──────── Dataset

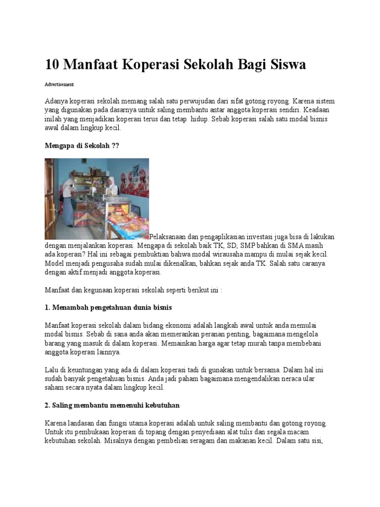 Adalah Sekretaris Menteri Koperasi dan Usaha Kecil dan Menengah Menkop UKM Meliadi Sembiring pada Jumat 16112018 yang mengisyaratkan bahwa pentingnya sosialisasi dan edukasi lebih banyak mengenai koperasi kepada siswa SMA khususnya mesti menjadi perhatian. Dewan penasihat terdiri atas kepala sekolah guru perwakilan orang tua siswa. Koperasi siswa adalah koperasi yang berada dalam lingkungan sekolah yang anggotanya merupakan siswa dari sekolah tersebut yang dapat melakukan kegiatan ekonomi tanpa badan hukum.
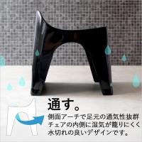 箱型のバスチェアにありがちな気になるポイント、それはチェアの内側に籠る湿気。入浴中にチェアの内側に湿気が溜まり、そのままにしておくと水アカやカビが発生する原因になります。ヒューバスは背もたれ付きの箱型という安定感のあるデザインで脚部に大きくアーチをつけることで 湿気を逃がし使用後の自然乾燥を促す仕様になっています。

────────────────
──────── Dataset

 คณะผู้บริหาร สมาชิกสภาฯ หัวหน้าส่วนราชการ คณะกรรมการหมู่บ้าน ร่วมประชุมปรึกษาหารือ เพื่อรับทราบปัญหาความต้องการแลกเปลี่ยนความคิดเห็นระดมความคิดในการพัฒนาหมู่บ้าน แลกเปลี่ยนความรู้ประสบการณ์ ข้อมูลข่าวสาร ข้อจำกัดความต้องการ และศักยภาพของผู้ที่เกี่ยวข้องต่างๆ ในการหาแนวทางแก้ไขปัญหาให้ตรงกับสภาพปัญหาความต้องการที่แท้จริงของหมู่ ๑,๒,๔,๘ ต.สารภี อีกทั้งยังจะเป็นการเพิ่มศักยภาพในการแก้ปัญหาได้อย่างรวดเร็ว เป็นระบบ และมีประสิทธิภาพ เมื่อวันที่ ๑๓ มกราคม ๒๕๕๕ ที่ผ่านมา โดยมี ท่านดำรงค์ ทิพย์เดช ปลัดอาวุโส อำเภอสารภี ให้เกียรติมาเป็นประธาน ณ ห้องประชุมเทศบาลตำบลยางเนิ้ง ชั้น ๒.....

────────────────

> Exercise: Give exactly the lines above that run from the line with "Adalah Sekretaris Menteri" to the line with "箱型のバスチェアにありがちな", both included, leaving every picture out.

> Solution:
 Adalah Sekretaris Menteri Koperasi dan Usaha Kecil dan Menengah Menkop UKM Meliadi Sembiring pada Jumat 16112018 yang mengisyaratkan bahwa pentingnya sosialisasi dan edukasi lebih banyak mengenai koperasi kepada siswa SMA khususnya mesti menjadi perhatian. Dewan penasihat terdiri atas kepala sekolah guru perwakilan orang tua siswa. Koperasi siswa adalah koperasi yang berada dalam lingkungan sekolah yang anggotanya merupakan siswa dari sekolah tersebut yang dapat melakukan kegiatan ekonomi tanpa badan hukum.
 箱型のバスチェアにありがちな気になるポイント、それはチェアの内側に籠る湿気。入浴中にチェアの内側に湿気が溜まり、そのままにしておくと水アカやカビが発生する原因になります。ヒューバスは背もたれ付きの箱型という安定感のあるデザインで脚部に大きくアーチをつけることで 湿気を逃がし使用後の自然乾燥を促す仕様になっています。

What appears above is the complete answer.